*Excerpted records*.
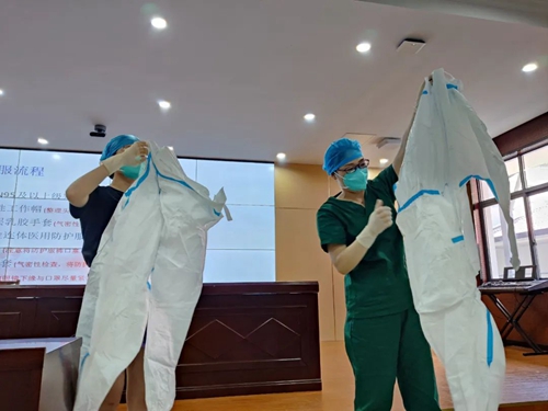 老師正在演示防護服的穿著 “我學習到了很多語言、禮儀方面的知識,這些知識不僅可以用到接下來的省運會的志愿服務中,而且還可以用到之后的生活和工作中都是非常不錯的,我會在家勤加練習,將它融入到我的志愿服務中,爭取給大家帶來更好的志愿服務。”省運會青年志愿者葉佳婧說。
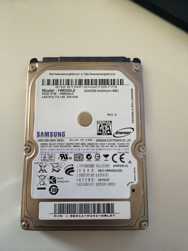 Disco duro interno Samsung de 500GB. - Modelo: HM500JI - Capacidad: 500.0GB - Velocidad: 5400rpm - Interfaz: SATA - Fabricado en Corea.
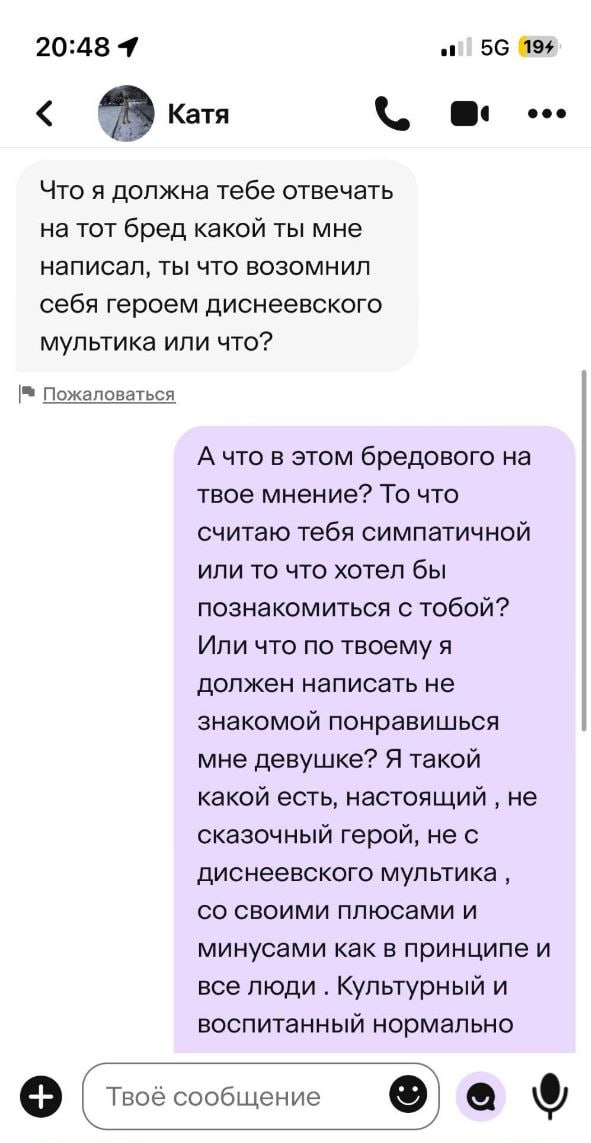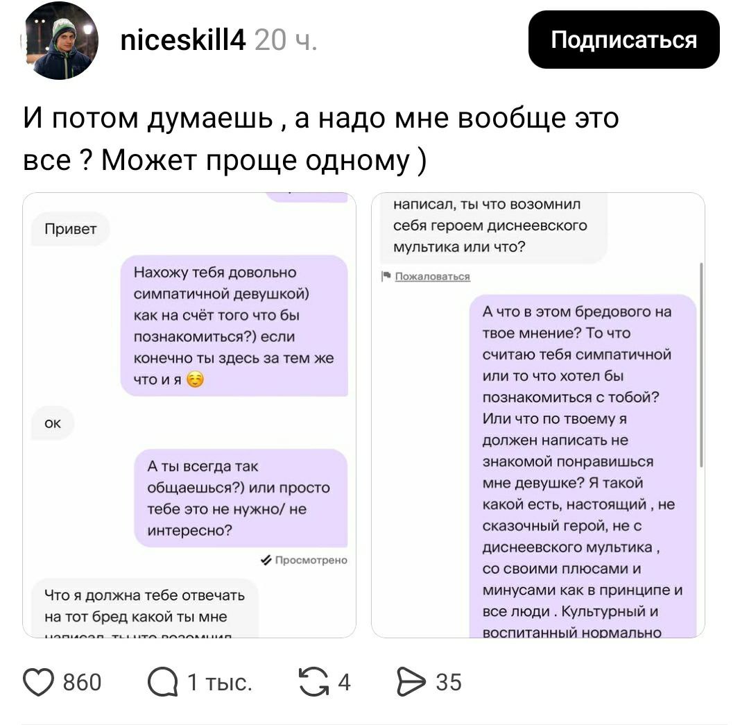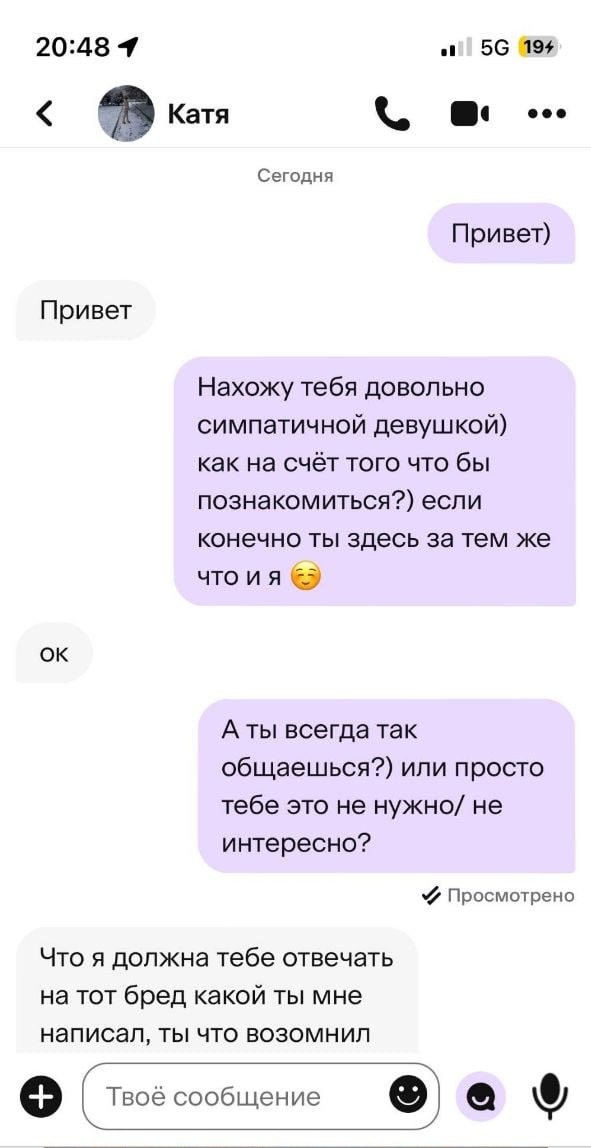 Ну кстати вполне обычная реакция, че еще ответить когда какой-то рандомный мужик пишет. Знакомиться надо ирл в идеале.
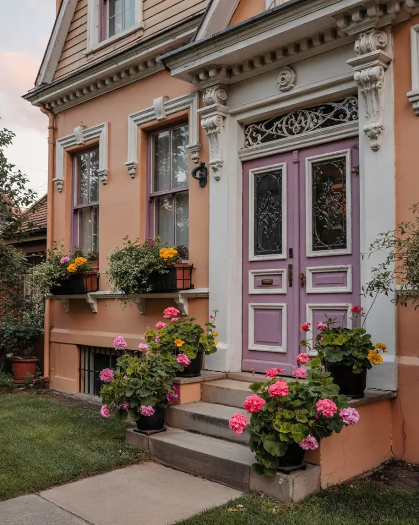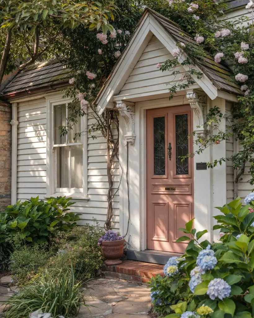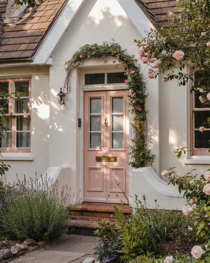 Real homeowner behavior shows that pink door owners tend to be particularly thoughtful about coordinating their entire exterior palette, from shutters to planters to seasonal wreaths. This level of attention creates a cohesive, magazine-worthy look that feels intentional rather than accidental. Budget-wise, pink pairs well with affordable accessories in brass, copper, or natural materials, so you don’t need expensive upgrades to achieve the full effect.
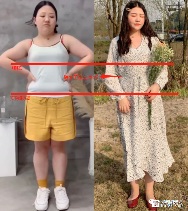 以下图为例,胸线与实际腰线之间的距离虽会以个人身材的不同而不同,但一般都是从上到下由瘦到胖这样一个过程,所以,视觉腰线一定在这个区间中,同时为了“收腰不显肉”,视觉腰线的位置最好是高于赘肉低于胸线。
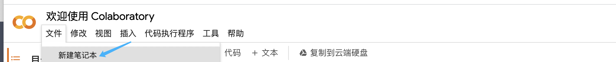 注册好Google账号以后,你可以访问文稿后面这个链接。进入后点击文件菜单下面的新建笔记本。
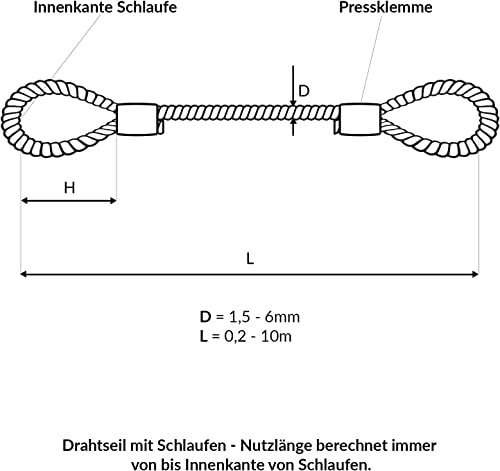 ✅ Qualità del marchio DQ-PP: corde in acciaio inox di alta qualità con due passanti identici - per un ulteriore rinforzo gli occhielli vengono fissati con morsetti idraulici pressati (manicotti a pressione) - Le nostre funi metalliche sono pressate con pressatrici idrauliche in rame per garantire una qualità senza interruzioni.
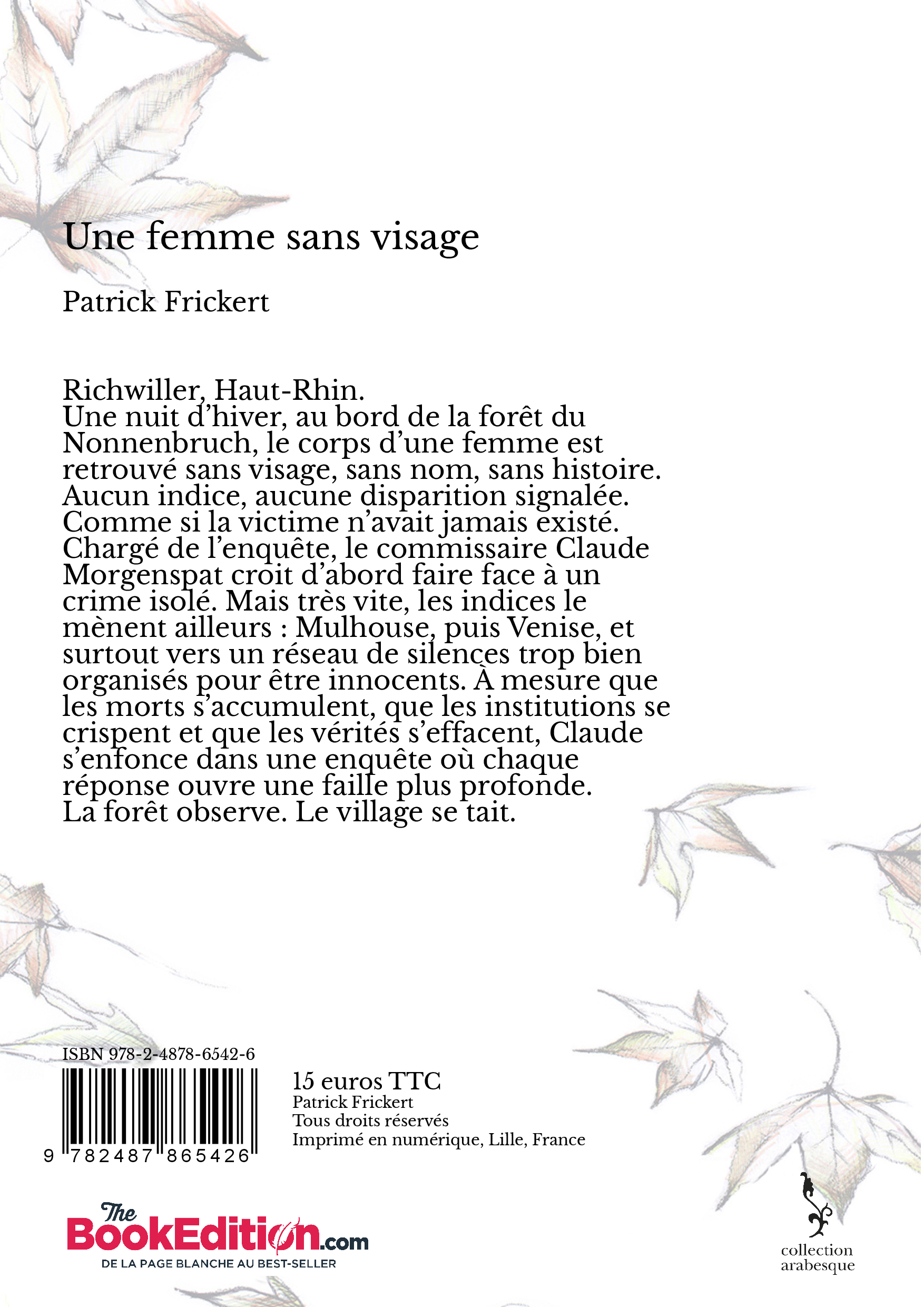 Une nuit d’hiver, au bord de la forêt du Nonnenbruch, le corps d’une femme est retrouvé sans visage, sans nom, sans histoire. Aucun indice, aucune disparition signalée. Comme si la victime n’avait jamais existé. Chargé de l’enquête, le commissaire Claude Morgenspat croit d’abord faire face à un crime isolé. Mais très vite, les indices le mènent ailleurs : Mulhouse, puis Venise, et surtout vers un réseau de silences trop bien organisés pour être innocents. À mesure que les morts s’accumulent, que les institutions se crispent et que les vérités s’effacent, Claude s’enfonce dans une enquête où chaque réponse ouvre une faille plus profonde.

*Exercise*.
Excluding every picture, write out each record word for word.

*Answer to this problem*.
 老師正在演示防護服的穿著 “我學習到了很多語言、禮儀方面的知識,這些知識不僅可以用到接下來的省運會的志愿服務中,而且還可以用到之后的生活和工作中都是非常不錯的,我會在家勤加練習,將它融入到我的志愿服務中,爭取給大家帶來更好的志愿服務。”省運會青年志愿者葉佳婧說。
 Disco duro interno Samsung de 500GB. - Modelo: HM500JI - Capacidad: 500.0GB - Velocidad: 5400rpm - Interfaz: SATA - Fabricado en Corea.
 Ну кстати вполне обычная реакция, че еще ответить когда какой-то рандомный мужик пишет. Знакомиться надо ирл в идеале.
 Real homeowner behavior shows that pink door owners tend to be particularly thoughtful about coordinating their entire exterior palette, from shutters to planters to seasonal wreaths. This level of attention creates a cohesive, magazine-worthy look that feels intentional rather than accidental. Budget-wise, pink pairs well with affordable accessories in brass, copper, or natural materials, so you don’t need expensive upgrades to achieve the full effect.
 以下图为例,胸线与实际腰线之间的距离虽会以个人身材的不同而不同,但一般都是从上到下由瘦到胖这样一个过程,所以,视觉腰线一定在这个区间中,同时为了“收腰不显肉”,视觉腰线的位置最好是高于赘肉低于胸线。
 注册好Google账号以后,你可以访问文稿后面这个链接。进入后点击文件菜单下面的新建笔记本。
 ✅ Qualità del marchio DQ-PP: corde in acciaio inox di alta qualità con due passanti identici - per un ulteriore rinforzo gli occhielli vengono fissati con morsetti idraulici pressati (manicotti a pressione) - Le nostre funi metalliche sono pressate con pressatrici idrauliche in rame per garantire una qualità senza interruzioni.
 Une nuit d’hiver, au bord de la forêt du Nonnenbruch, le corps d’une femme est retrouvé sans visage, sans nom, sans histoire. Aucun indice, aucune disparition signalée. Comme si la victime n’avait jamais existé. Chargé de l’enquête, le commissaire Claude Morgenspat croit d’abord faire face à un crime isolé. Mais très vite, les indices le mènent ailleurs : Mulhouse, puis Venise, et surtout vers un réseau de silences trop bien organisés pour être innocents. À mesure que les morts s’accumulent, que les institutions se crispent et que les vérités s’effacent, Claude s’enfonce dans une enquête où chaque réponse ouvre une faille plus profonde.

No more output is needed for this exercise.